►

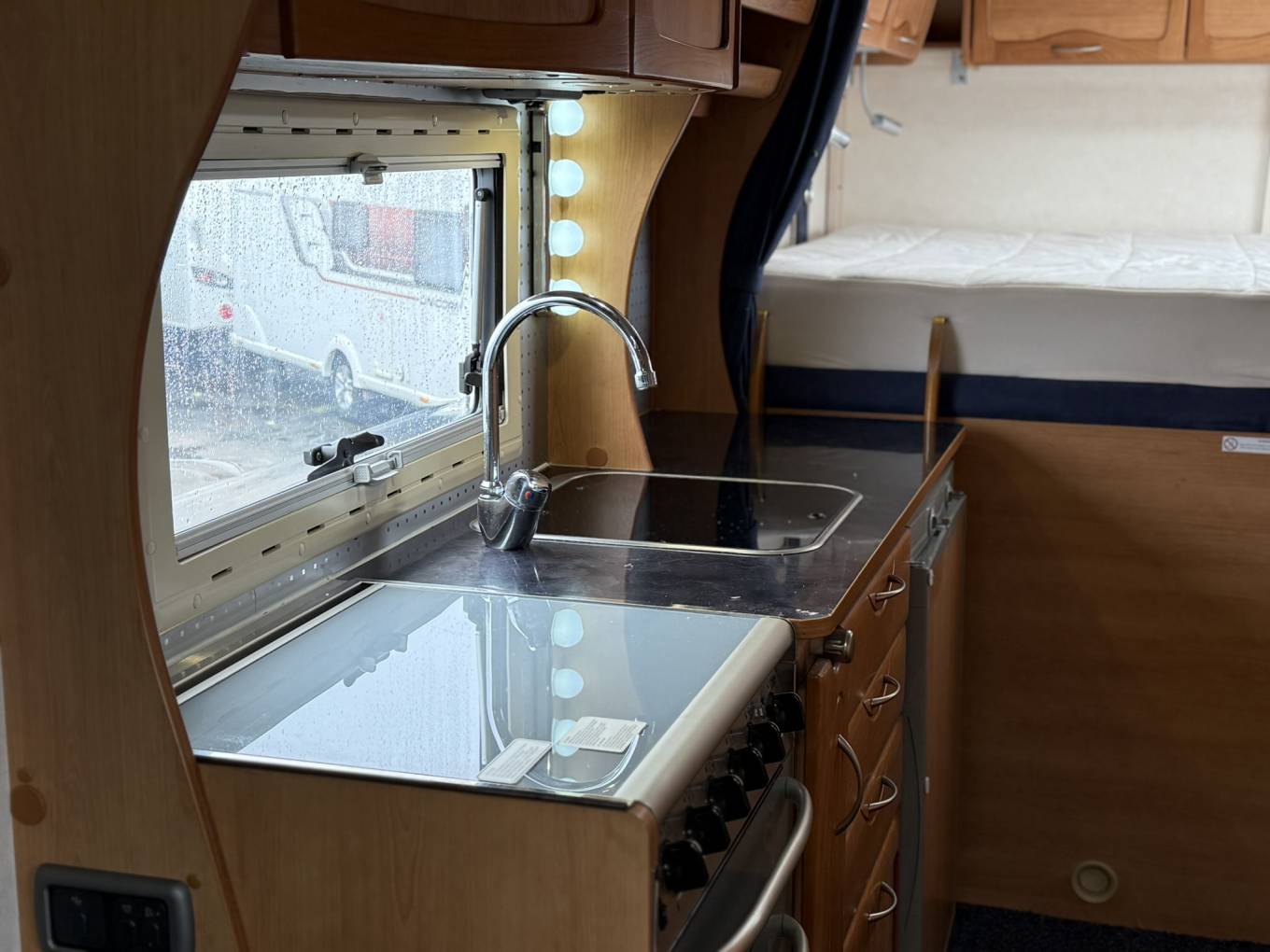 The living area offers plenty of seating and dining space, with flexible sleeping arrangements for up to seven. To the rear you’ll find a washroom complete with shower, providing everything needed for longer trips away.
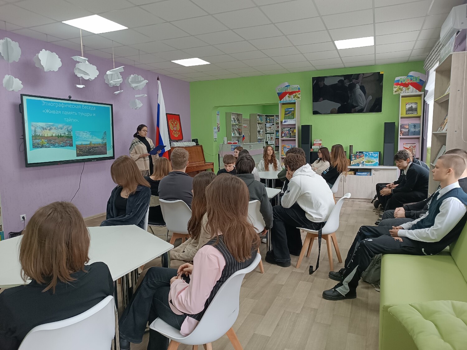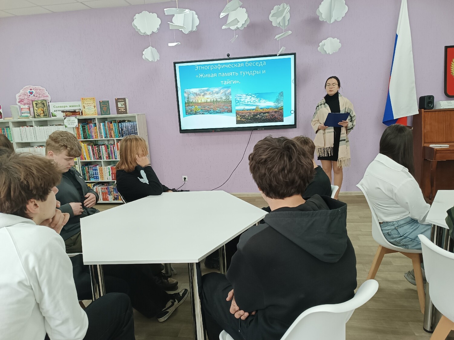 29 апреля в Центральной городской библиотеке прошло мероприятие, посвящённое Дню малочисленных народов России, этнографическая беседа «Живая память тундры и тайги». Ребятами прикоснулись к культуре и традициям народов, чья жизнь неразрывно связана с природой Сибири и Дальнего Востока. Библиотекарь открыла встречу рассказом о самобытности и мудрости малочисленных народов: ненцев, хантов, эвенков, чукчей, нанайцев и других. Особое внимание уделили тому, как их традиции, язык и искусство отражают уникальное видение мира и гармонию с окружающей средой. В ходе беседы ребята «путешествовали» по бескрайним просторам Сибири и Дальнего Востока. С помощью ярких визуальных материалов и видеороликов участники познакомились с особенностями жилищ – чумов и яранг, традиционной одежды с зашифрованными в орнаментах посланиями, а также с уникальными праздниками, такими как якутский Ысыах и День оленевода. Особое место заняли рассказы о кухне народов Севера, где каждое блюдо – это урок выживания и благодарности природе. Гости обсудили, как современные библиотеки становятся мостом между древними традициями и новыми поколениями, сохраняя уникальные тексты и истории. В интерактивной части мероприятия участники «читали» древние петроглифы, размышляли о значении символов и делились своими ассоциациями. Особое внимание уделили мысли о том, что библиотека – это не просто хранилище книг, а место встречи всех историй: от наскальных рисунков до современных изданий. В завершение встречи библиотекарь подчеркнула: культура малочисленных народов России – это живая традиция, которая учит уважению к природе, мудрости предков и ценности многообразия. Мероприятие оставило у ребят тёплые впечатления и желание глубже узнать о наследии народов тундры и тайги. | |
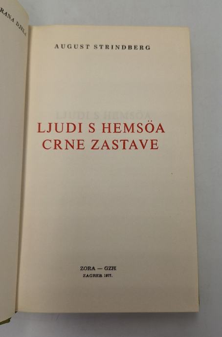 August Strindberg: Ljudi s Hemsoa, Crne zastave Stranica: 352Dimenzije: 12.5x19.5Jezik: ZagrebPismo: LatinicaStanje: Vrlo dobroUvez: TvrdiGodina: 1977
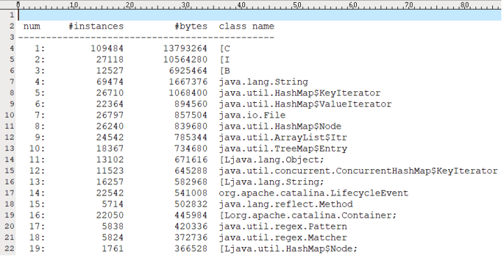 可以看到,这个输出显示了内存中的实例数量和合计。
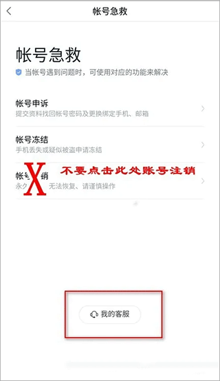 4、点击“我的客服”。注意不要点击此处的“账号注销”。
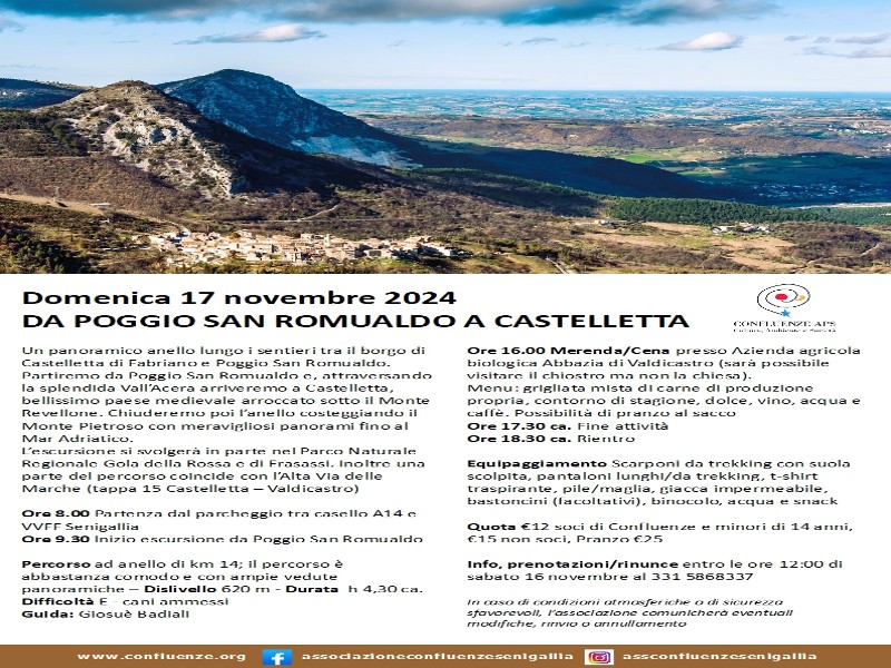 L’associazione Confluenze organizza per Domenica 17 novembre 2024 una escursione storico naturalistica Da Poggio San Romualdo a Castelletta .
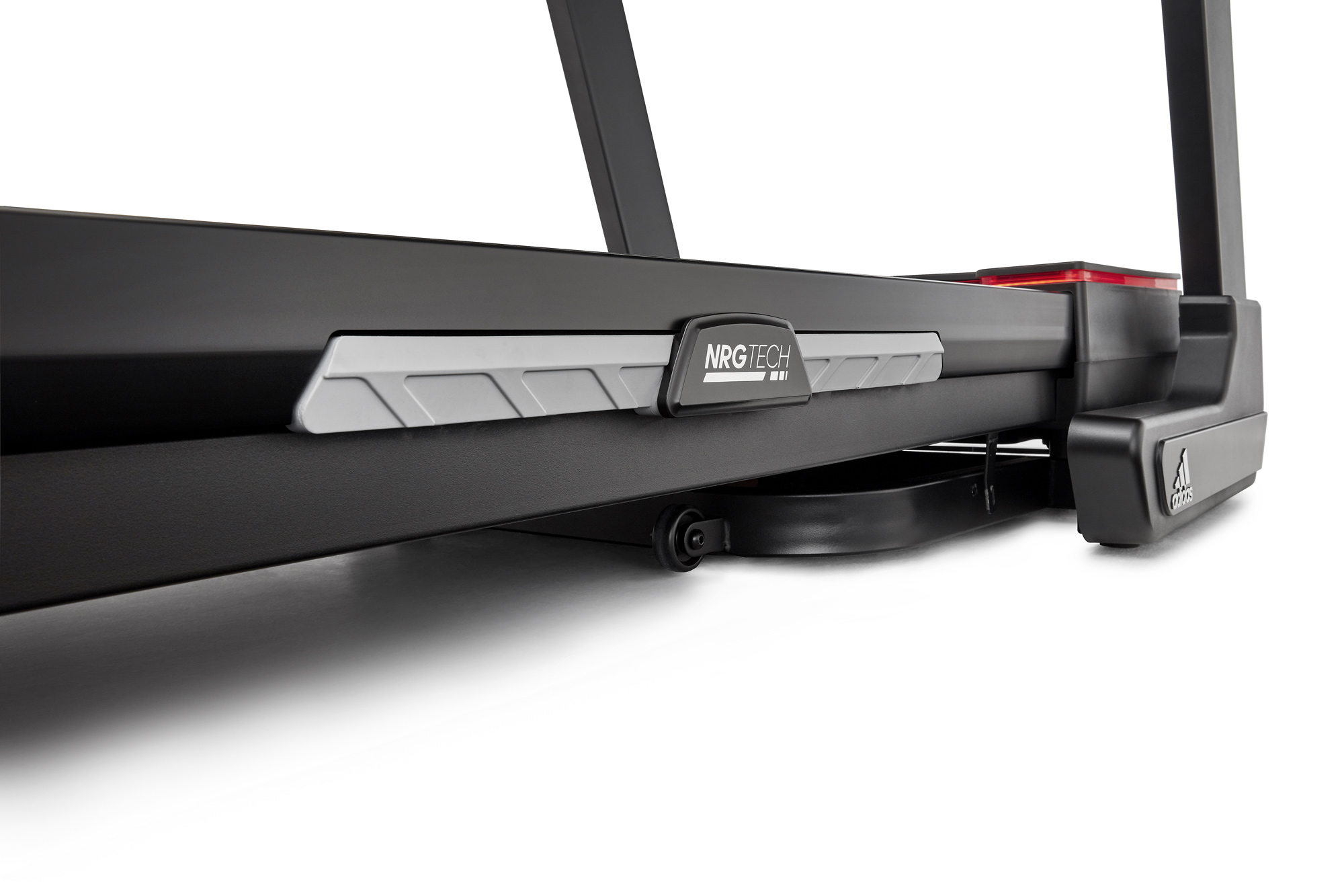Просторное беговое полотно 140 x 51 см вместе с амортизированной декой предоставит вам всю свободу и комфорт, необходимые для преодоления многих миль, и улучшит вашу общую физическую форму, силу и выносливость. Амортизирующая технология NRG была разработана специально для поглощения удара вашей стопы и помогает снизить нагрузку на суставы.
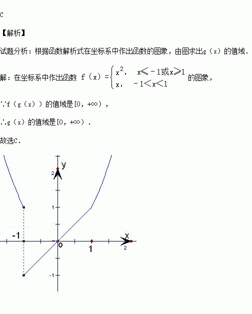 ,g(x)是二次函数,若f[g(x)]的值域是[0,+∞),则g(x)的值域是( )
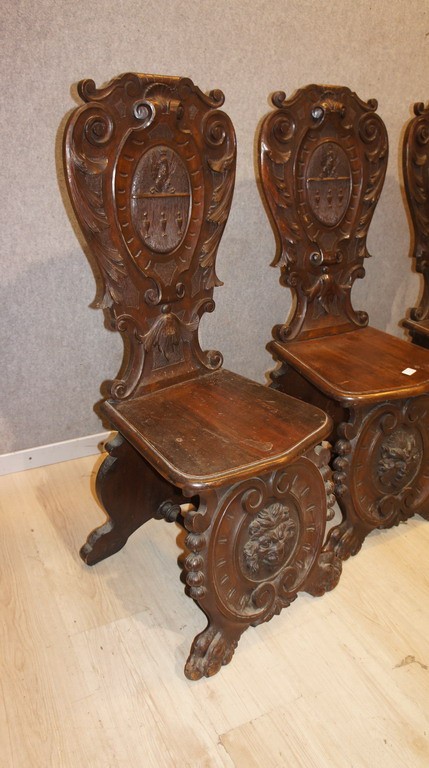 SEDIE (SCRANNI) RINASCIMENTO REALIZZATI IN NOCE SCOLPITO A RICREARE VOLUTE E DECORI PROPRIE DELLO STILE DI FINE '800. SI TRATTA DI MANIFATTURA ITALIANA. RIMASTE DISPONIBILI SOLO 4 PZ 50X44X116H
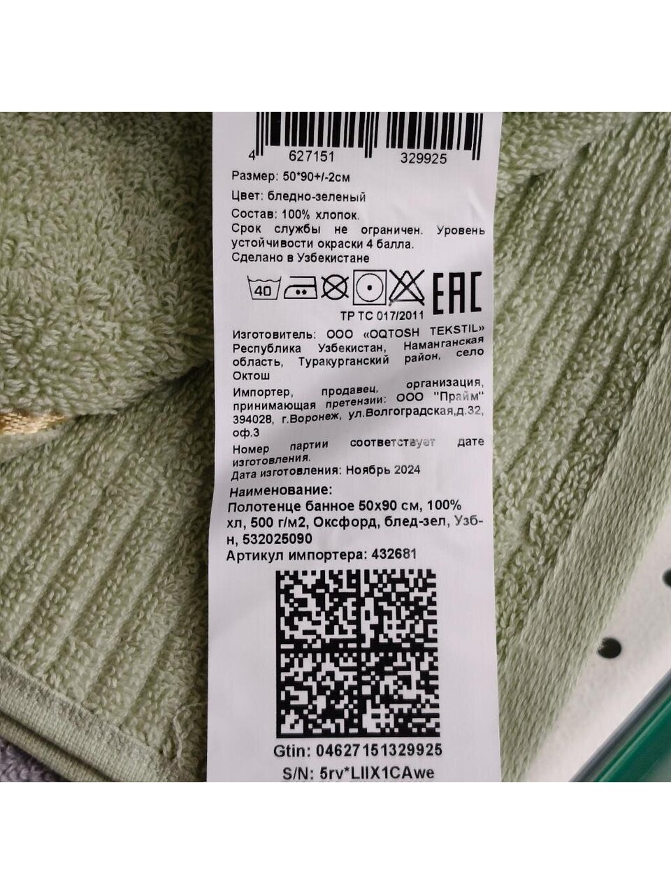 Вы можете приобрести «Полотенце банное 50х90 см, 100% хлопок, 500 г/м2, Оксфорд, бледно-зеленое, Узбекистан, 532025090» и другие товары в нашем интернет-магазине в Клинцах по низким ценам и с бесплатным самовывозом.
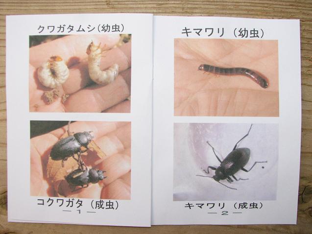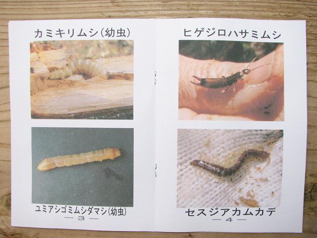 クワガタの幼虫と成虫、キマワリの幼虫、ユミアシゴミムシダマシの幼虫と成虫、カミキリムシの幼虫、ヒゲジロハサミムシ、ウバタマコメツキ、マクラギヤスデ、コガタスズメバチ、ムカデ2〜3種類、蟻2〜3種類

◄

▶ TASK TO CARRY OUT:
Copy the listing exactly but drop its images.

▶ EXERCISE ANSWER:
 The living area offers plenty of seating and dining space, with flexible sleeping arrangements for up to seven. To the rear you’ll find a washroom complete with shower, providing everything needed for longer trips away.
 29 апреля в Центральной городской библиотеке прошло мероприятие, посвящённое Дню малочисленных народов России, этнографическая беседа «Живая память тундры и тайги». Ребятами прикоснулись к культуре и традициям народов, чья жизнь неразрывно связана с природой Сибири и Дальнего Востока. Библиотекарь открыла встречу рассказом о самобытности и мудрости малочисленных народов: ненцев, хантов, эвенков, чукчей, нанайцев и других. Особое внимание уделили тому, как их традиции, язык и искусство отражают уникальное видение мира и гармонию с окружающей средой. В ходе беседы ребята «путешествовали» по бескрайним просторам Сибири и Дальнего Востока. С помощью ярких визуальных материалов и видеороликов участники познакомились с особенностями жилищ – чумов и яранг, традиционной одежды с зашифрованными в орнаментах посланиями, а также с уникальными праздниками, такими как якутский Ысыах и День оленевода. Особое место заняли рассказы о кухне народов Севера, где каждое блюдо – это урок выживания и благодарности природе. Гости обсудили, как современные библиотеки становятся мостом между древними традициями и новыми поколениями, сохраняя уникальные тексты и истории. В интерактивной части мероприятия участники «читали» древние петроглифы, размышляли о значении символов и делились своими ассоциациями. Особое внимание уделили мысли о том, что библиотека – это не просто хранилище книг, а место встречи всех историй: от наскальных рисунков до современных изданий. В завершение встречи библиотекарь подчеркнула: культура малочисленных народов России – это живая традиция, которая учит уважению к природе, мудрости предков и ценности многообразия. Мероприятие оставило у ребят тёплые впечатления и желание глубже узнать о наследии народов тундры и тайги. | |
 August Strindberg: Ljudi s Hemsoa, Crne zastave Stranica: 352Dimenzije: 12.5x19.5Jezik: ZagrebPismo: LatinicaStanje: Vrlo dobroUvez: TvrdiGodina: 1977
 可以看到,这个输出显示了内存中的实例数量和合计。
 4、点击“我的客服”。注意不要点击此处的“账号注销”。
 L’associazione Confluenze organizza per Domenica 17 novembre 2024 una escursione storico naturalistica Da Poggio San Romualdo a Castelletta .
Просторное беговое полотно 140 x 51 см вместе с амортизированной декой предоставит вам всю свободу и комфорт, необходимые для преодоления многих миль, и улучшит вашу общую физическую форму, силу и выносливость. Амортизирующая технология NRG была разработана специально для поглощения удара вашей стопы и помогает снизить нагрузку на суставы.
 ,g(x)是二次函数,若f[g(x)]的值域是[0,+∞),则g(x)的值域是( )
 SEDIE (SCRANNI) RINASCIMENTO REALIZZATI IN NOCE SCOLPITO A RICREARE VOLUTE E DECORI PROPRIE DELLO STILE DI FINE '800. SI TRATTA DI MANIFATTURA ITALIANA. RIMASTE DISPONIBILI SOLO 4 PZ 50X44X116H
 Вы можете приобрести «Полотенце банное 50х90 см, 100% хлопок, 500 г/м2, Оксфорд, бледно-зеленое, Узбекистан, 532025090» и другие товары в нашем интернет-магазине в Клинцах по низким ценам и с бесплатным самовывозом.
 クワガタの幼虫と成虫、キマワリの幼虫、ユミアシゴミムシダマシの幼虫と成虫、カミキリムシの幼虫、ヒゲジロハサミムシ、ウバタマコメツキ、マクラギヤスデ、コガタスズメバチ、ムカデ2〜3種類、蟻2〜3種類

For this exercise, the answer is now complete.